Final answer:
Using the CAPM model, given a risk-free rate of 6%, beta of 0.3, and equity premium of 5.7%, the expected rate of return is 7.71%. Factoring in default risk, the expected recovery is $995, leading to a fair CAPM market price for the municipal bond of approximately $923.52.
Step-by-step explanation:
To determine a fair market price for a $1,000 municipal bond using the Capital Asset Pricing Model (CAPM), we have to consider the expected rate of return based on the bond's risk. The CAPM formula is expressed as:
Expected return = Risk-free rate + (Beta × Market risk premium)
Given a risk-free rate of 6%, a beta of 0.3, and an equity premium of 5.7%, the expected rate of return can be calculated as:
Expected return = 0.06 + (0.3 × 0.057) = 0.06 + 0.0171 = 0.0771 or 7.71%
Now, considering the default risk, the expected recovery on the bond is 0.71 × $1,000 + (1 - 0.71) × $950 = $710 + $285 = $995.

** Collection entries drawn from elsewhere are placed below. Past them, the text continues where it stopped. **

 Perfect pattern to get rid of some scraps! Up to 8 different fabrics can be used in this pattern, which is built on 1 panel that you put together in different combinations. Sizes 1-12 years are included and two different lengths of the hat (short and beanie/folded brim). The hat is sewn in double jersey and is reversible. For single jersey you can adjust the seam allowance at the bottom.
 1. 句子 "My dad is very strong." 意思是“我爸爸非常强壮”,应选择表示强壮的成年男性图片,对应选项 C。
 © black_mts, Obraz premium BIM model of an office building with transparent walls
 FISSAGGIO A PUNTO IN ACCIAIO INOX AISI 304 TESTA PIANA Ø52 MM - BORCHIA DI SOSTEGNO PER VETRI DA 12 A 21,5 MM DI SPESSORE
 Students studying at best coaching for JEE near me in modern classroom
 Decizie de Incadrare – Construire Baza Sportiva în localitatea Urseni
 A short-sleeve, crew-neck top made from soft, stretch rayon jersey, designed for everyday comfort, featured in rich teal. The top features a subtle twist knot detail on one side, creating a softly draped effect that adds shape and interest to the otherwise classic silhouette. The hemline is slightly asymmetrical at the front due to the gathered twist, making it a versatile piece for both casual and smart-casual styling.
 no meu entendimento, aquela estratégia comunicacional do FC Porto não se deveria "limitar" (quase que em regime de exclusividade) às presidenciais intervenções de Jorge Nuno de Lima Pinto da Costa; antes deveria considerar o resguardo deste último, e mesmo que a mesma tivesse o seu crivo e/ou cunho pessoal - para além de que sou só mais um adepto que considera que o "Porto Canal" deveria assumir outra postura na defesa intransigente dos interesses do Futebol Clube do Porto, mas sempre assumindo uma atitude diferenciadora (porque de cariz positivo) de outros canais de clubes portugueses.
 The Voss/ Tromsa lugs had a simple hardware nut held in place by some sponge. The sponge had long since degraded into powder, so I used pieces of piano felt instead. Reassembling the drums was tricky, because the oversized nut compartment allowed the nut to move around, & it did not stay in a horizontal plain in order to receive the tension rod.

The fair price of the bond can be calculated based on the expected recovery and the required rate of return:
Fair price = Expected recovery / (1 + Expected return) = $995 / (1 + 0.0771) ≈ $923.52
Thus, considering the default risk and the CAPM expected return, a fair CAPM market price for the bond would be approximately $923.52.